- [What is being asked]
The lines to return are those from the line holding "Catch elegance in" through the last line of the entries below, both included, written exactly and without pictures.

(Stored items)

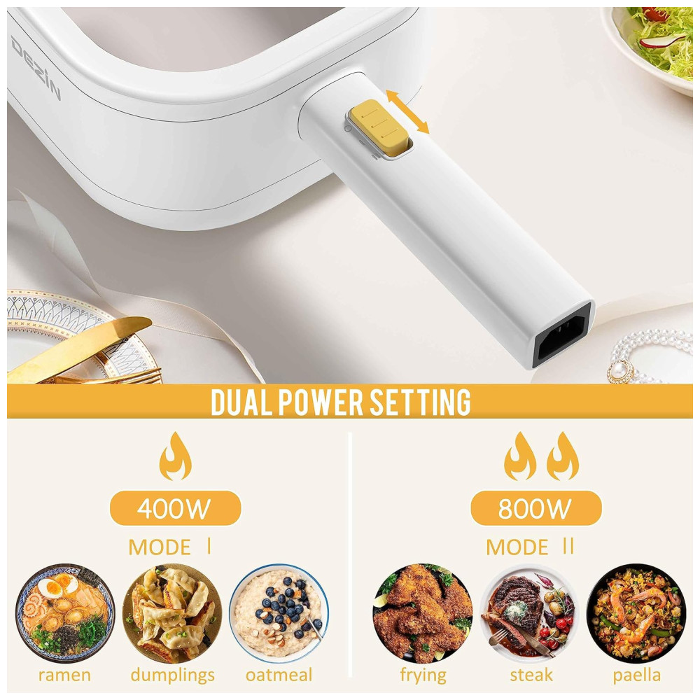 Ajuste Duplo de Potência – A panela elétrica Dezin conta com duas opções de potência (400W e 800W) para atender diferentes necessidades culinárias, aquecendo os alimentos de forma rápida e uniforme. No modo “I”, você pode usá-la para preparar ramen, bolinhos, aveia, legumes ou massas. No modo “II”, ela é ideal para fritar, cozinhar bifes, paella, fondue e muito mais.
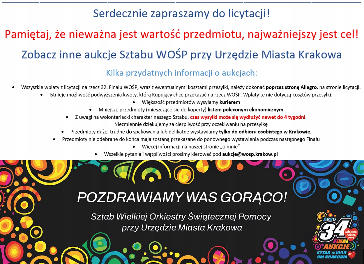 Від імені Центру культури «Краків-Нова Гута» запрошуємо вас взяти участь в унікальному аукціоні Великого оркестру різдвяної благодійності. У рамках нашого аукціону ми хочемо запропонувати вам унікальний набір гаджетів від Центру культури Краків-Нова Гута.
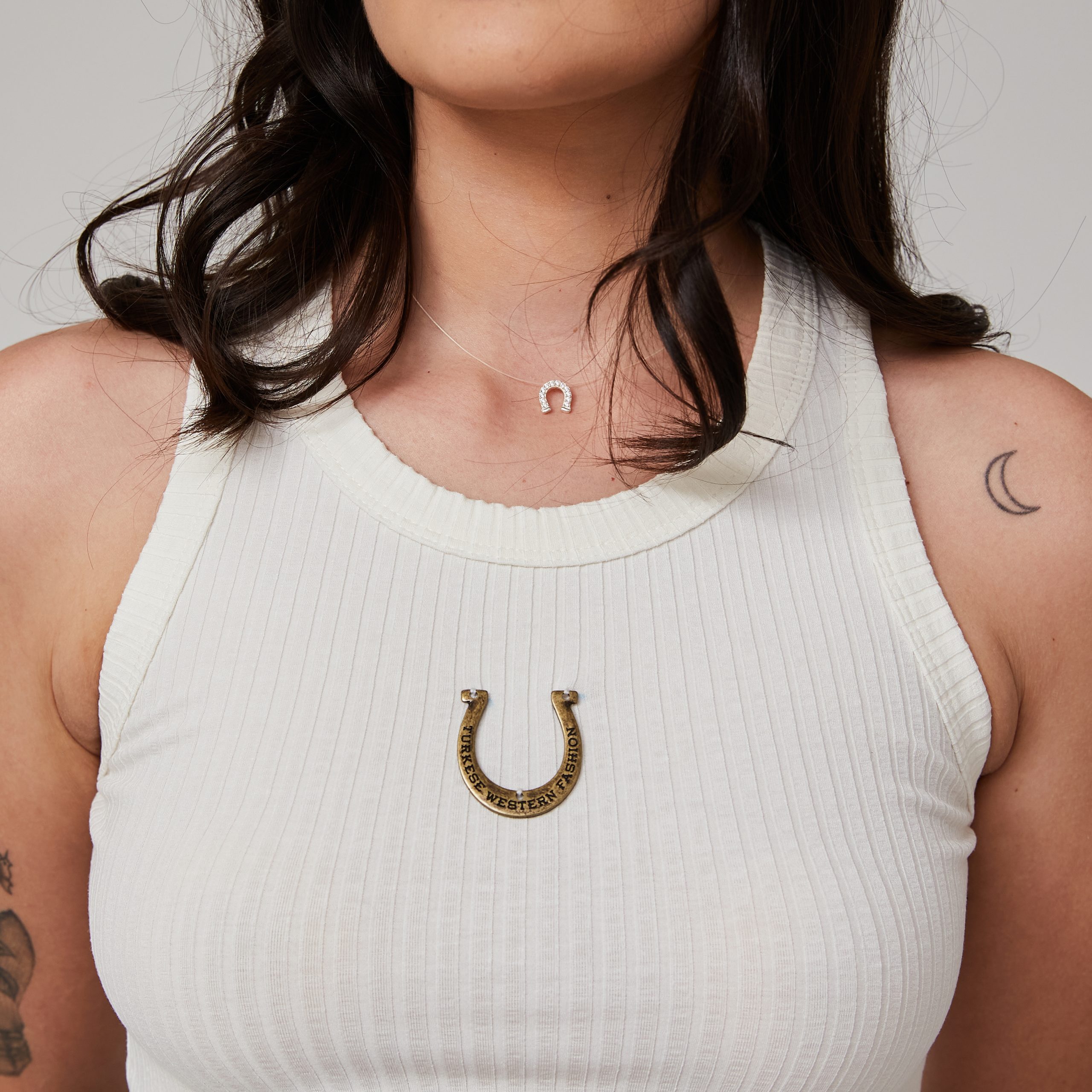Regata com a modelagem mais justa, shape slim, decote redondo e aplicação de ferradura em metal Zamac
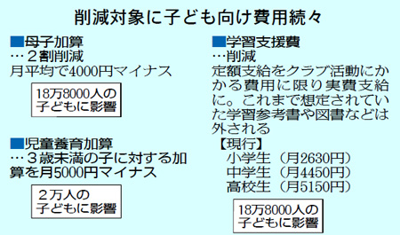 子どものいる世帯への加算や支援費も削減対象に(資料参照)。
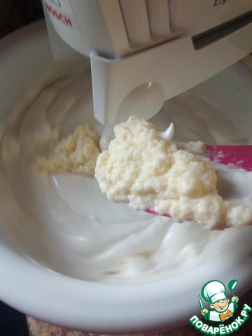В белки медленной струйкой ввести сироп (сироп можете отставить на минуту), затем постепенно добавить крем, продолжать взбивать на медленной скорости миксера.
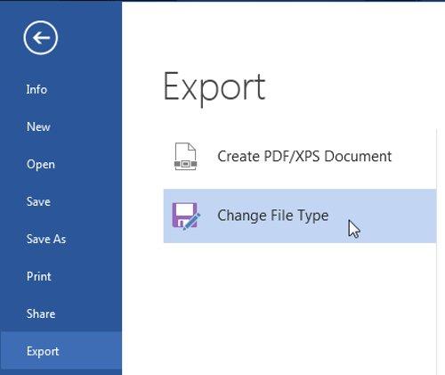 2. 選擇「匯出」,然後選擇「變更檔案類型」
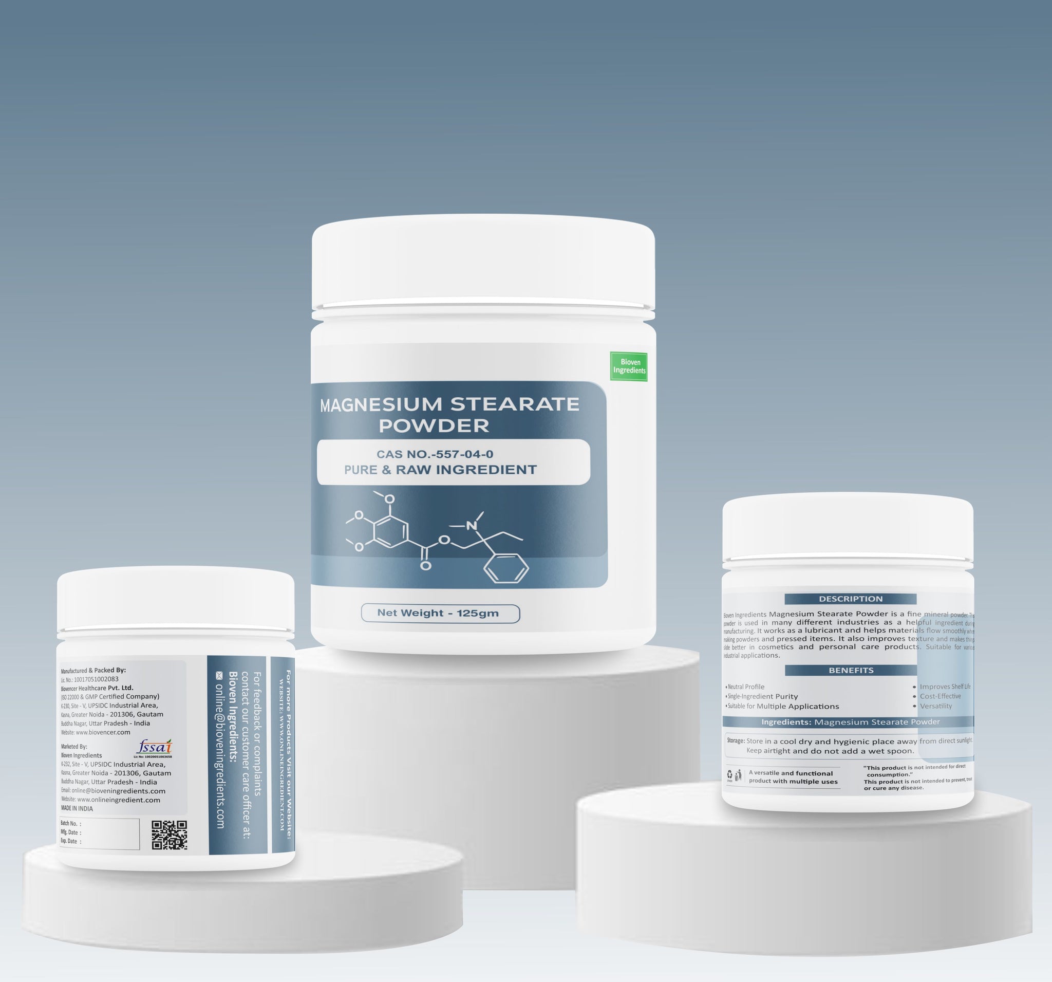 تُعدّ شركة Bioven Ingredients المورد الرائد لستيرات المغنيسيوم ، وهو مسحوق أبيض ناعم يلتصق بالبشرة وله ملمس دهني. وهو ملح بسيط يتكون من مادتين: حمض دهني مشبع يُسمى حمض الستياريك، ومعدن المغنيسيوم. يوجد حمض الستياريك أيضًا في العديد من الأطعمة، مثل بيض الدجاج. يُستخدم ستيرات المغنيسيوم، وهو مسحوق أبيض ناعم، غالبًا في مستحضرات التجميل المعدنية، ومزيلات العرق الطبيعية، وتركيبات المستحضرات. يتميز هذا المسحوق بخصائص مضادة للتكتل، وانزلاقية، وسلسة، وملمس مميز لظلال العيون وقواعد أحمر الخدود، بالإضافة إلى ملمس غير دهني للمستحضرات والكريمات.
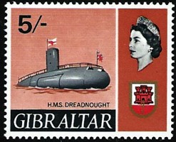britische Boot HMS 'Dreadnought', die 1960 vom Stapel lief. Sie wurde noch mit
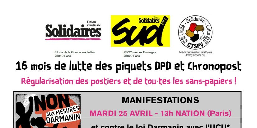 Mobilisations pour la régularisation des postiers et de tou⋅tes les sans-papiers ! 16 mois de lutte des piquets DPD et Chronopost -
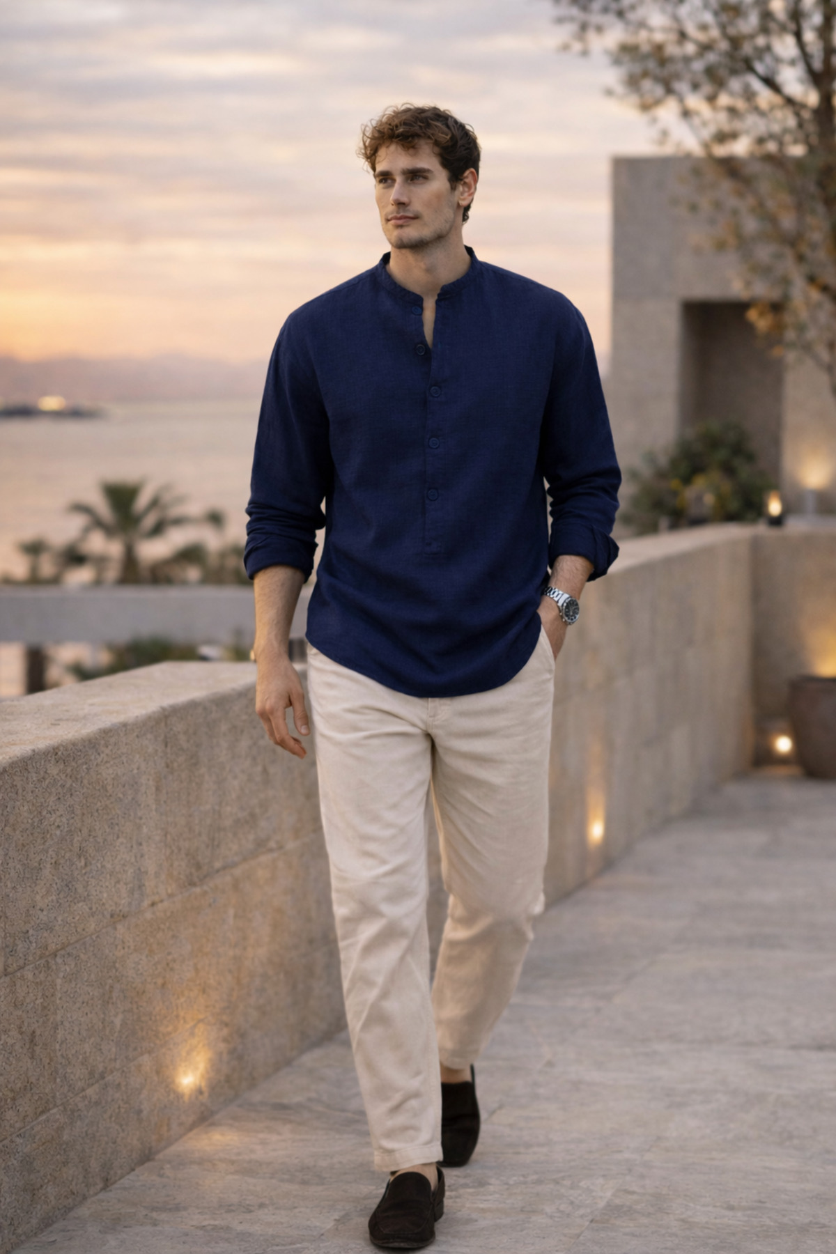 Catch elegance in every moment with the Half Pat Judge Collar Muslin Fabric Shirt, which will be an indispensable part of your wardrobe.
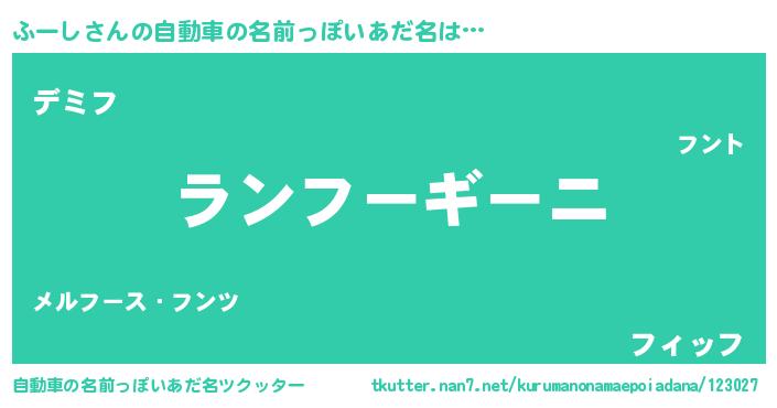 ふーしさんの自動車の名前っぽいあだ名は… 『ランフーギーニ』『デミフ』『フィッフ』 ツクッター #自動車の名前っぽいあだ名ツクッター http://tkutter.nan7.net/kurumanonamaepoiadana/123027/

- [Task solution]
 Catch elegance in every moment with the Half Pat Judge Collar Muslin Fabric Shirt, which will be an indispensable part of your wardrobe.
 ふーしさんの自動車の名前っぽいあだ名は… 『ランフーギーニ』『デミフ』『フィッフ』 ツクッター #自動車の名前っぽいあだ名ツクッター http://tkutter.nan7.net/kurumanonamaepoiadana/123027/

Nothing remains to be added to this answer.